Тем утром, стоя возле окошка регистрации ходатайств на первом этаже Дворца правосудия по адресу Макаллистер-стрит, строение 400, Юки вдруг вспомнила, что пресловутый процесс О'Мара против муниципального госпиталя должен вот-вот начаться.

Живший в ней адвокат страстно мечтал посмотреть на это зрелище.

Она кинула взгляд на часы, сторонкой обошла раздраженную толпу в холле и решительным шагом двинулась вверх по лестнице. Добравшись до четвертого этажа, слегка запыхавшаяся, она юркнула в дверь зала судебных слушаний.

И увидела, что на месте судьи-председателя восседает сам Бевинс.

За семидесятилетним Бевинсом закрепилась репутация справедливого, хотя и непредсказуемого судьи, о чем недвусмысленно намекала его седовласая шевелюра, стянутая на затылке в «конский хвост».
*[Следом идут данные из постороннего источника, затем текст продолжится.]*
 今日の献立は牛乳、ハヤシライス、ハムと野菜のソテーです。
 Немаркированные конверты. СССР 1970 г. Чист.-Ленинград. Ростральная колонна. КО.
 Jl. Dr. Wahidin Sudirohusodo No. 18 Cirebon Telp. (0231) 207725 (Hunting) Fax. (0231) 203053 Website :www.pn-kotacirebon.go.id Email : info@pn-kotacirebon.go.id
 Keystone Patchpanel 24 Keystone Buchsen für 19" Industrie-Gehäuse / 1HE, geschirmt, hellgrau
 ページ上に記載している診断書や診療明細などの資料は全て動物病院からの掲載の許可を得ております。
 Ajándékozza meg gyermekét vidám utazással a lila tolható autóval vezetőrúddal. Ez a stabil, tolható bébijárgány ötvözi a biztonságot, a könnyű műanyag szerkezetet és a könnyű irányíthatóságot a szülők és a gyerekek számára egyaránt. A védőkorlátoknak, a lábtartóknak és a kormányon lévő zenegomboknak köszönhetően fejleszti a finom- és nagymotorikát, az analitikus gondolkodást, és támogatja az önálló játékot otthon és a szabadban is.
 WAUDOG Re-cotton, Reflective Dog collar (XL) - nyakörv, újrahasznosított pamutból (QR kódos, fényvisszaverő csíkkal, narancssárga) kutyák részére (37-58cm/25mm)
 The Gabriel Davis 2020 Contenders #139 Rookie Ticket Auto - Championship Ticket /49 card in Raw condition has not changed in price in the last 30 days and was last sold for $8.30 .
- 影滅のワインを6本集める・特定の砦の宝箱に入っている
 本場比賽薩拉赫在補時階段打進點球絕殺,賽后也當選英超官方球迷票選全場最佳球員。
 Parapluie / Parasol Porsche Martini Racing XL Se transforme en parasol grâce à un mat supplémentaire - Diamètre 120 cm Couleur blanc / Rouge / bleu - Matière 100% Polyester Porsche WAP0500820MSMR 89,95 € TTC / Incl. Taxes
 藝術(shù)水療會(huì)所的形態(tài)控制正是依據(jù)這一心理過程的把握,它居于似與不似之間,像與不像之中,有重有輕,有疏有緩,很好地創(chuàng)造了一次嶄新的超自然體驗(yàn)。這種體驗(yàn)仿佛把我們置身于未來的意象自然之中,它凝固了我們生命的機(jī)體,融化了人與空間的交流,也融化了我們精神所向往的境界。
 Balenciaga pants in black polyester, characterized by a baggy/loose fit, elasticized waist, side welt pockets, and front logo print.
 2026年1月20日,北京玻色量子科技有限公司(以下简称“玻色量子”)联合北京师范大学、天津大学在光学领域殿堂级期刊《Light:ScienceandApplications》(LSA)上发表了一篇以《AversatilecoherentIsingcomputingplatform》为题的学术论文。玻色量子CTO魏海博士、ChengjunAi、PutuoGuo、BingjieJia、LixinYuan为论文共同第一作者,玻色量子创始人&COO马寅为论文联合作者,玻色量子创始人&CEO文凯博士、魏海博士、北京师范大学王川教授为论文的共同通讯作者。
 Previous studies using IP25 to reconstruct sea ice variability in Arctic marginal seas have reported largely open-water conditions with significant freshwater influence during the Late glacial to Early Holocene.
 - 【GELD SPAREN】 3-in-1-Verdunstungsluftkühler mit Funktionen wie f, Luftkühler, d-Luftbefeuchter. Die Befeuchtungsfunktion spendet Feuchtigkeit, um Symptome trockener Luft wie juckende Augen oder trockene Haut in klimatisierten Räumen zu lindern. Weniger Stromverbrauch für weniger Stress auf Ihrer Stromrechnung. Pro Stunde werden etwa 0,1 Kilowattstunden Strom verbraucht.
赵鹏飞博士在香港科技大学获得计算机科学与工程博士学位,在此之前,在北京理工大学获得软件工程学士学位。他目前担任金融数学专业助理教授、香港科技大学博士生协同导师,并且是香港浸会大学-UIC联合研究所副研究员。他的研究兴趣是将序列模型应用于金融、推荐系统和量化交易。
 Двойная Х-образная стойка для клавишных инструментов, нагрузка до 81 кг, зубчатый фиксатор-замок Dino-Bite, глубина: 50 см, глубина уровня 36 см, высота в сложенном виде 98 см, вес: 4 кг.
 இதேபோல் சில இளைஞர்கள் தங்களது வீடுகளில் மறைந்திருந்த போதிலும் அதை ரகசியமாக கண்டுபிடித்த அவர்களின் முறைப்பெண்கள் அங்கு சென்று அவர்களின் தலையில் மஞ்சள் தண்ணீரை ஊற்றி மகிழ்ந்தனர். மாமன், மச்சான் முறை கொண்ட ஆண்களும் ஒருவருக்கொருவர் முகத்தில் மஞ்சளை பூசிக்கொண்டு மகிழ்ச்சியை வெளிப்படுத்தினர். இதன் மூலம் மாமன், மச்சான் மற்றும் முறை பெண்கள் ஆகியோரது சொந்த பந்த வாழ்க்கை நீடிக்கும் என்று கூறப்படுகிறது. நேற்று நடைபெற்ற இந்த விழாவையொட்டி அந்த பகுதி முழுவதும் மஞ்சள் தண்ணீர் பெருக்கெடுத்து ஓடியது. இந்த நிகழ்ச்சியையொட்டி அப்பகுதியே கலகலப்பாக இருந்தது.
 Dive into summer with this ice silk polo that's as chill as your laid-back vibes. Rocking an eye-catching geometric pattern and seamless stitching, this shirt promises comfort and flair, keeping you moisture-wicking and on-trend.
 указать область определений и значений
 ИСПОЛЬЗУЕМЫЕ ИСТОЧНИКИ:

Юки пристроилась в свободном кресле неподалеку от двери – и тут заметила темноволосого человека, сидевшего от нее через проход. На нем были слаксы цвета хаки, блейзер поверх розовой сорочки на пуговицах-кнопках и клубный галстук.

Через секунду в голове что-то щелкнуло, и лицо красавчика совместилось с именем. Дернувшись как от удара, Юки поняла, что они знакомы: это же Деннис Гарза, тот самый врач из приемного покоя.

«Ну естественно. Вызвали сюда свидетелем».

В зале поднялся гул. Вышла Морин О'Мара. Стройная высокая женщина, одета в прекрасно сидящую серую деловую двойку от Армани, черные туфли, каблук низкий. Хм-м… Четко выраженные, запоминающиеся черты лица и на редкость замечательные волосы: темно-рыжая копна… Даже не так – стекающая по плечам грива, готовая взметнуться волной, стоит только повернуть голову. Именно этот картинный прием О'Мара тут же продемонстрировала. Ну-ну…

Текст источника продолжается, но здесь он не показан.